[Subject Prev][Subject Next][Thread Prev][Thread Next][Date Index][Thread Index]

[hts-users:02982] Re: diagonalization of covariance matrices


Hi

 

I know there are some similar experiments on speech recognition, but not much on speech synthesis.

In my knowledge, Mark Gales has done an on-going research about the covariance types of MLLR transforms in robust noise speech recognition. In his early article in ICSLP 1996 “Variance Compensation within the MLLR Framework for Robust speech recognition and speaker adaptation”, full, block diagonal, and diagonal transformation matrices were examined. Experimental result showed that block diagonal and full matrices had slight improvement over the diagonal case. However, when the environmental mismatch was bigger, the differences became smaller. Furthermore, the semi-tied full covariance matrix was proposed next to be certificated effective.

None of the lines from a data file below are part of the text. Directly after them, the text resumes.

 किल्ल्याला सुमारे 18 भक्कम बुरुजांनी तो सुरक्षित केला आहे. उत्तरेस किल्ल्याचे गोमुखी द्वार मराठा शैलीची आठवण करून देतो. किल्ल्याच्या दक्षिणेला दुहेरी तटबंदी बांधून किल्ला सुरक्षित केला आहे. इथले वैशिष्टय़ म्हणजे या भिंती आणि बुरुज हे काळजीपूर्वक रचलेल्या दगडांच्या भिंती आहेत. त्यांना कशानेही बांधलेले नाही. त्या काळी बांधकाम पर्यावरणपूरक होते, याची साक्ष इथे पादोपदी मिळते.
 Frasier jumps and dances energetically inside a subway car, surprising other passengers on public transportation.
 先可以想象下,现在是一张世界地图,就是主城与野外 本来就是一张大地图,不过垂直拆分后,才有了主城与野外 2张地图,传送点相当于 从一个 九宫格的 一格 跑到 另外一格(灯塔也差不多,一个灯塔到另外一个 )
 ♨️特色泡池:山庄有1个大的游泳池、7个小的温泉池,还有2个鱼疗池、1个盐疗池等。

You can also refer to Peder A. Olesen’s paper of “Modeling Inverse Covariance Matrices by Basis Expansion”. He did a more general experiment to prove his new covariance modeling technique.

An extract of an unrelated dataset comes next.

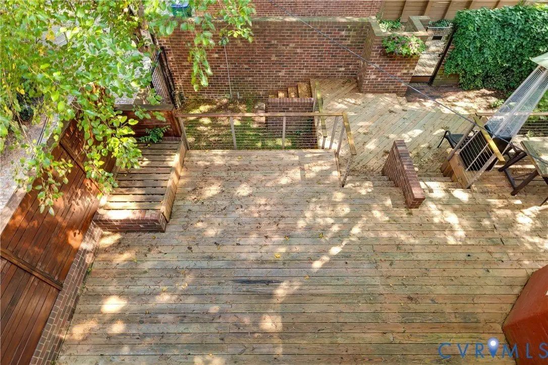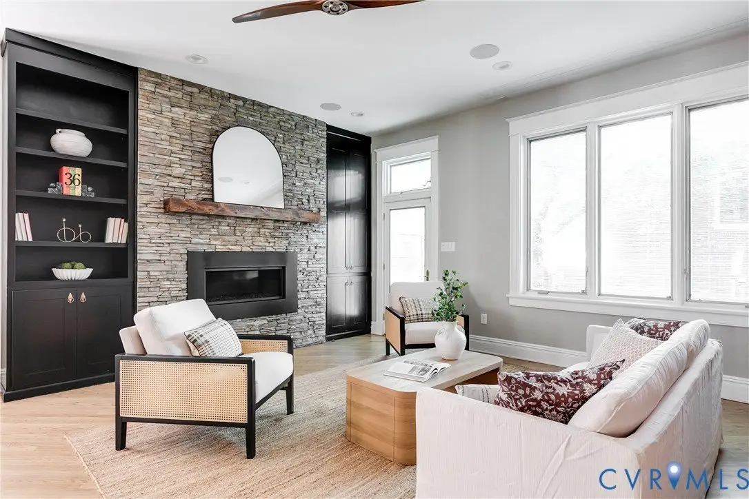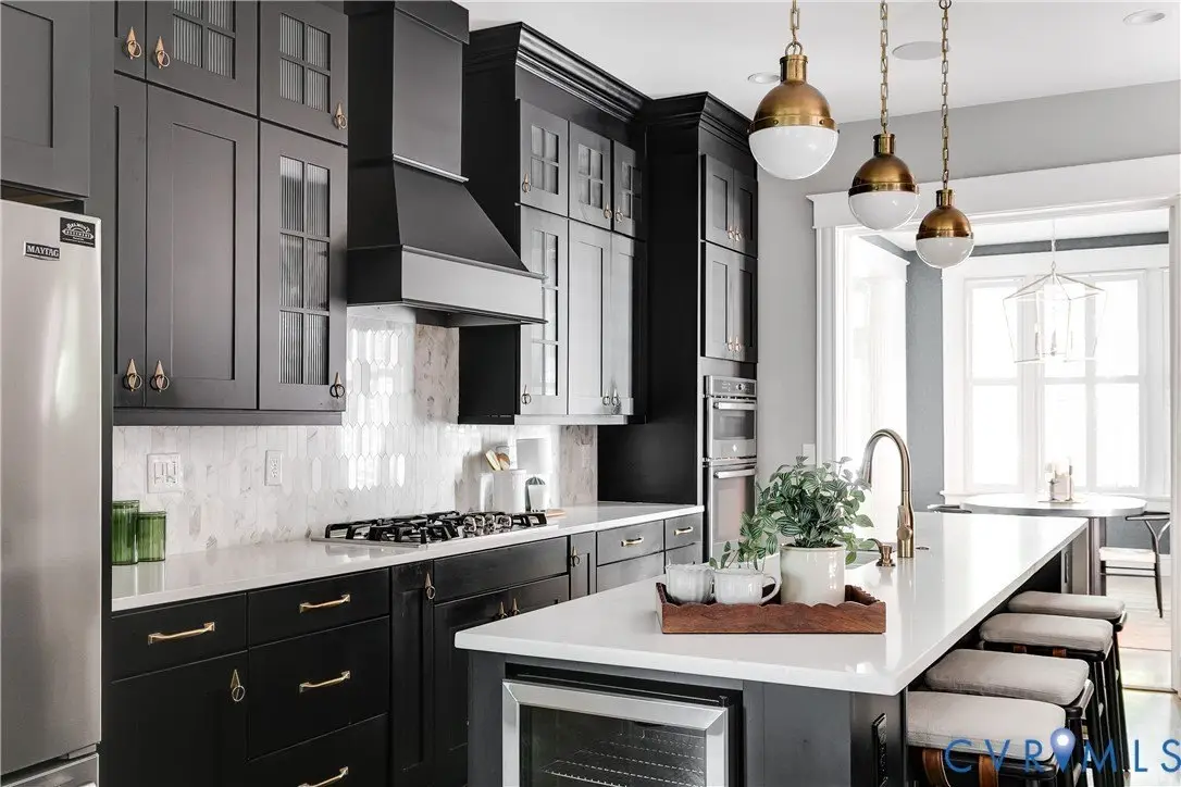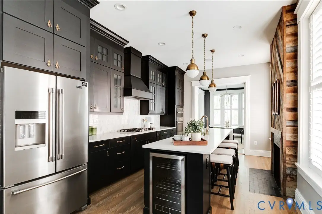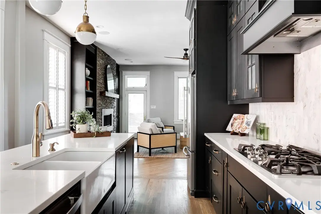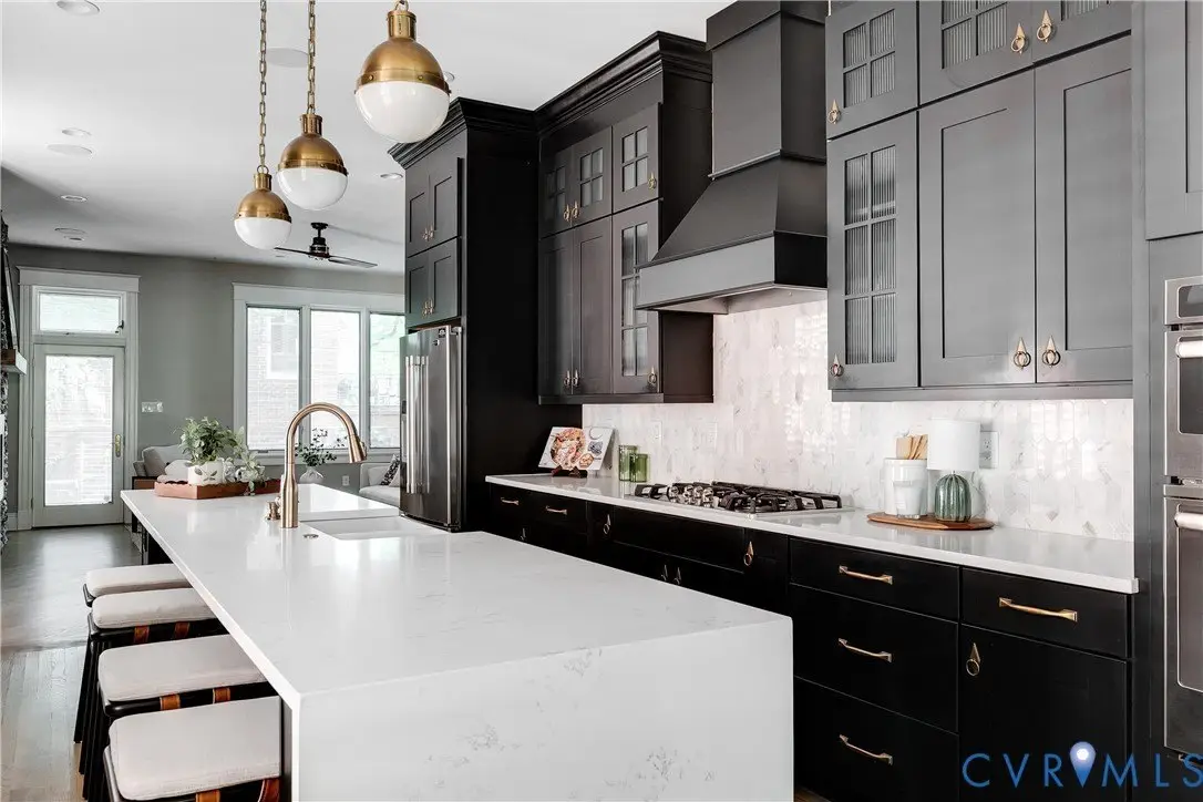 This wonderfully renovated classic row home is perfectly located on a quiet block in the heart of The Fan. Enjoy the large front porch to connect with neighbors and watch the world go by in this quiet spot. With corner placement, natural light floods the open floor plan that mixes warm classic architecture with modern living. The designer kitchen with top of the line appliances, custom cabinets and a stunning quartz waterfall countertop opens to all the living spaces.. Touch sensitive faucet, wine fridge and 5 burner gas cooktop are just a few of the many details. The stacked stone surround and reclaimed wood mantle around the gas fireplace anchors the expansive living room with built-in bar. Built-in retractable home theater screen, projector and surround sound convey with the house. On a back hallway, there is a large walk-in pantry and a renovated half bath. The large primary bedroom suite features a large closet, and stunning marble and glass bath suite. The two other large bedrooms, renovated hall bath and well-equipped laundry room complete the upstairs. The outdoor deck provides expansive space for entertaining or outdoor dining, and there is a green space which is great for pets. Side access basement is dry and provides incredible storage. NEW ROOF installed 4/23. Permit only makes on street parking a breeze.

It seems the diagonal matrices are not accurate enough for compensation the transformation to adapt the new speaker or new acoustic environment. I think this may be similar case in speech synthesis.


Regards,
Xi

On Wed, Aug 3, 2011 at 9:08 PM, Hui LIANG <tshlmail-hts@xxxxxxxxx> wrote:
Hello,

Could anyone confirm that when converting a model adapted by CMLLR transforms into an HTS engine, the resulting speaker-specific, full covariance matrices are diagonalized by HTS?

If so, I wonder whether there is any paper comparing the performance of synthesis with the original full covariance matrices and diagonalized ones? I am curious about the performance gap between the two cases.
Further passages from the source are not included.